Distributeurs die klachten of meldingen van zorgverleners, patiënten of gebruikers hebben ontvangen over vermoedelijke incidenten in verband met een hulpmiddel dat zij hebben aangeboden, sturen deze informatie onmiddellijk door naar de fabrikant en, indien van toepassing, diens gemachtigde en de importeur. Zij houden een register bij van klachten, alsook van niet in overeenstemming met de vereisten van deze verordening zijnde, teruggeroepen en uit de handel genomen hulpmiddelen, houden de fabrikant en, indien van toepassing, de gemachtigde en de importeur op de hoogte van die monitoring en verstrekken hun alle informatie waar zij om verzoeken.
6.
Distributeurs verstrekken op verzoek aan een bevoegde autoriteit alle benodigde informatie en documentatie waarover zij beschikken en die nodig is om de conformiteit van een hulpmiddel aan te tonen.
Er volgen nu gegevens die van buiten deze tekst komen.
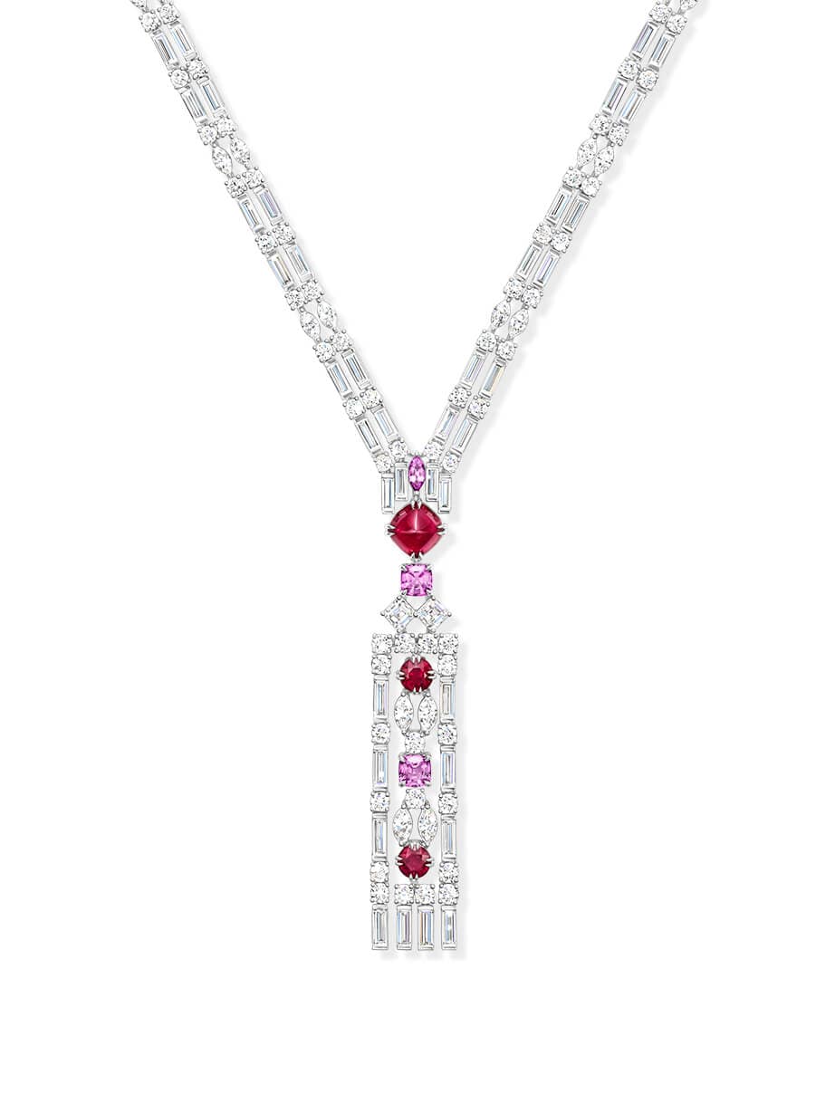 Meticulously crafted from emeralds, sapphires, and diamonds in a geometric arrangement, this pair of Brownstone Earrings echoes the distinctive facades of New York’s historic residences, accenting the ears with their same stately splendor.

Distributeurs worden geacht aan de in de eerste alinea bedoelde verplichting te hebben voldaan wanneer de fabrikant of, in voorkomend geval, de gemachtigde voor het hulpmiddel in kwestie, de vereiste informatie verstrekt. Op verzoek van de bevoegde autoriteiten verlenen de distributeurs medewerking bij de uitvoering van alle acties om de risico's van de door hen op de markt aangeboden hulpmiddelen weg te nemen. Op verzoek van een bevoegde autoriteit verstrekken de distributeurs gratis monsters van het hulpmiddel of, als dat niet kan, verlenen zij toegang tot het hulpmiddel.